◆ **Action item**: Once the line holding "ชุด 4 ตลับ...สีผึ้งแม่กวักลูกรวย" is found in the entries below, restate it and each line after it word for word, with no pictures.

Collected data
==============================
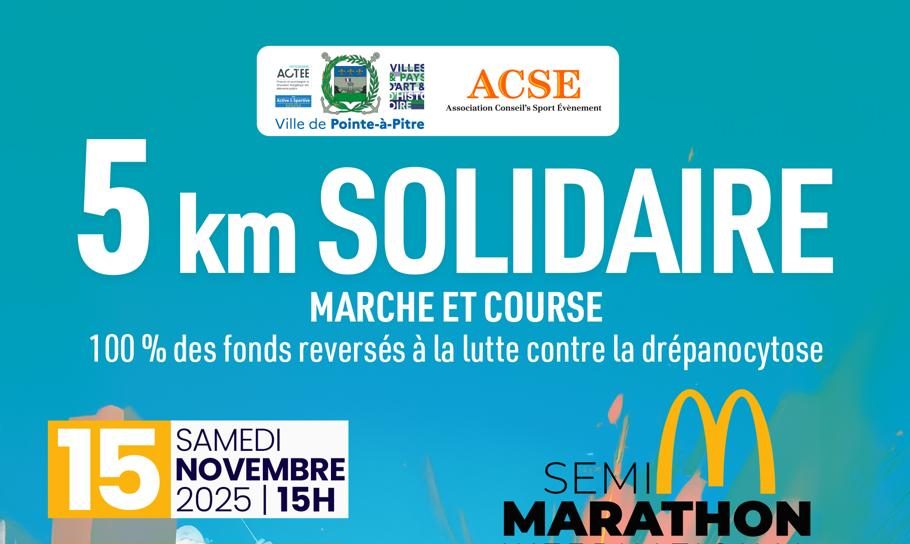 Mis en avantPointe a Pitre Bld de l'amitié et des peuples de la caraibes, pointe a pitre, GuadeloupeLe 5 km Solidaire de Pointe-à-Pitre revient le 15 novembre 2025 !
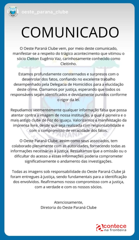 Em coletiva de imprensa, a delegada Iane Cardoso que cuida do caso onde prenderam um homem de 40 anos, apontado como suspeito do brutal assassinato de Cleiton Eugênio da Silva. O corpo da vítima, desaparecido desde 9/10, foi encontrado em estado de decomposição no Lago de Itaipu (margem paraguaia) no dia 14, mutilado e com uma pedra amarrada à cintura.
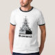 T-shirt with drawing of the famous German battleship Bismarck of world war II with the name of the ship written with fraktur letters.
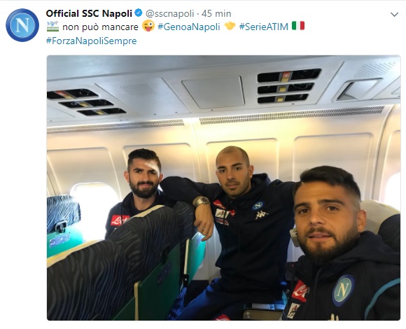“Genoa, stiamo arrivando!” è la didascalia della foto che ritrae un Allan sorridente, mentre in un altro scatto viene raffigurato il trio Sepe, Hysaj, Insigne: “Non poteva mancare” è la scritta che accompagna la foto.
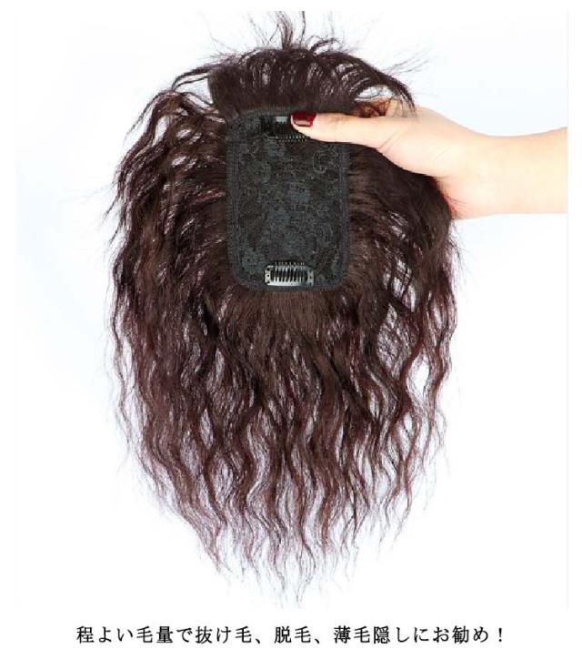 白髪隠し 部分ウィッグ ヘアピース 人毛100% トップカバー 頭頂部 つむじ付き 薄毛 抜け毛 ウェーブ カール 母の日 黒髪 ダークブラウン 円形脱毛症 増毛 ウィッグ エクステ 婦人用
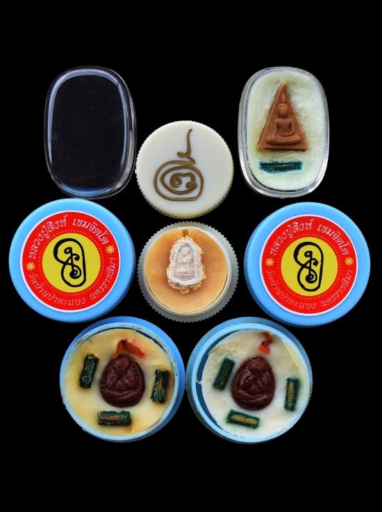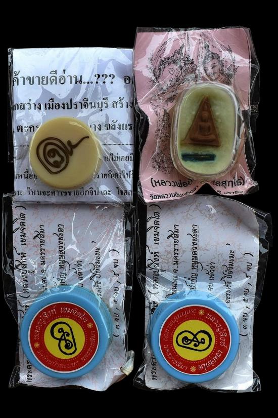ชุด 4 ตลับ...สีผึ้งแม่กวักลูกรวย หลวงพ่อผิน วัดโคกสว่าง + สีผึ้งนางพญา หลวงพ่อขันตี วัดหลวงบดินทร์เดชา + สีผึ้งจันทร์เพ็ญ หลวงปู่สิงห์ วัดบ้านป่าตะแบง พร้อมซองเดิมจากวัด สภาพพระตามรูปที่ลงทุกประการ
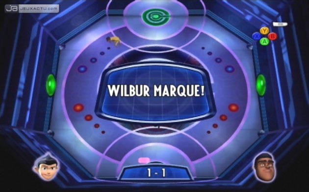 Ce sont ces services qui sont interprétés comme des missions. Et après avoir débuté l’histoire de façon assez dynamique, il est assez dommage de devoir attendre la quatrième mission (la fête de la science) pour s’amuser dans le jeu. Si la partie recherche et exploration semblait inévitable, il est assez regrettable que Bienvenue chez les Robinson ne soit pas construit de la même manière qu’un Ratchet & Clank avec un hub principal et diverses missions à remplir à partir de la demeure familiale. Le jeu se révèle être alors assez étouffant avec de grosses longueurs dues en partie à des va-et-vient continus dans la maison des Robinson. Cible casual oblige, le jeu développé par Avalanche Software se contente souvent du minimum avec quelques énigmes ici et là (assez simples à résoudre) et des séquences de jeu oscillant entre simplicité et difficulté parfois rebutante. La maniabilité assez inégale de Wilbur fait également partie de ces éléments qui ont tendance à plomber l’ambiance du jeu, ne correspondant alors pas du tout à la cible auquel est destinée le jeu. Faire des sauts en réalisant des mouvements du bas vers le haut via le stick analogique droit n’est certainement pas la meilleure idée que les concepteurs chez Avalance Software ont eu pendant la production du jeu. Il ne faudra pas plus de
==============================
◆ **Output of the task**:
ชุด 4 ตลับ...สีผึ้งแม่กวักลูกรวย หลวงพ่อผิน วัดโคกสว่าง + สีผึ้งนางพญา หลวงพ่อขันตี วัดหลวงบดินทร์เดชา + สีผึ้งจันทร์เพ็ญ หลวงปู่สิงห์ วัดบ้านป่าตะแบง พร้อมซองเดิมจากวัด สภาพพระตามรูปที่ลงทุกประการ
 Ce sont ces services qui sont interprétés comme des missions. Et après avoir débuté l’histoire de façon assez dynamique, il est assez dommage de devoir attendre la quatrième mission (la fête de la science) pour s’amuser dans le jeu. Si la partie recherche et exploration semblait inévitable, il est assez regrettable que Bienvenue chez les Robinson ne soit pas construit de la même manière qu’un Ratchet & Clank avec un hub principal et diverses missions à remplir à partir de la demeure familiale. Le jeu se révèle être alors assez étouffant avec de grosses longueurs dues en partie à des va-et-vient continus dans la maison des Robinson. Cible casual oblige, le jeu développé par Avalanche Software se contente souvent du minimum avec quelques énigmes ici et là (assez simples à résoudre) et des séquences de jeu oscillant entre simplicité et difficulté parfois rebutante. La maniabilité assez inégale de Wilbur fait également partie de ces éléments qui ont tendance à plomber l’ambiance du jeu, ne correspondant alors pas du tout à la cible auquel est destinée le jeu. Faire des sauts en réalisant des mouvements du bas vers le haut via le stick analogique droit n’est certainement pas la meilleure idée que les concepteurs chez Avalance Software ont eu pendant la production du jeu. Il ne faudra pas plus de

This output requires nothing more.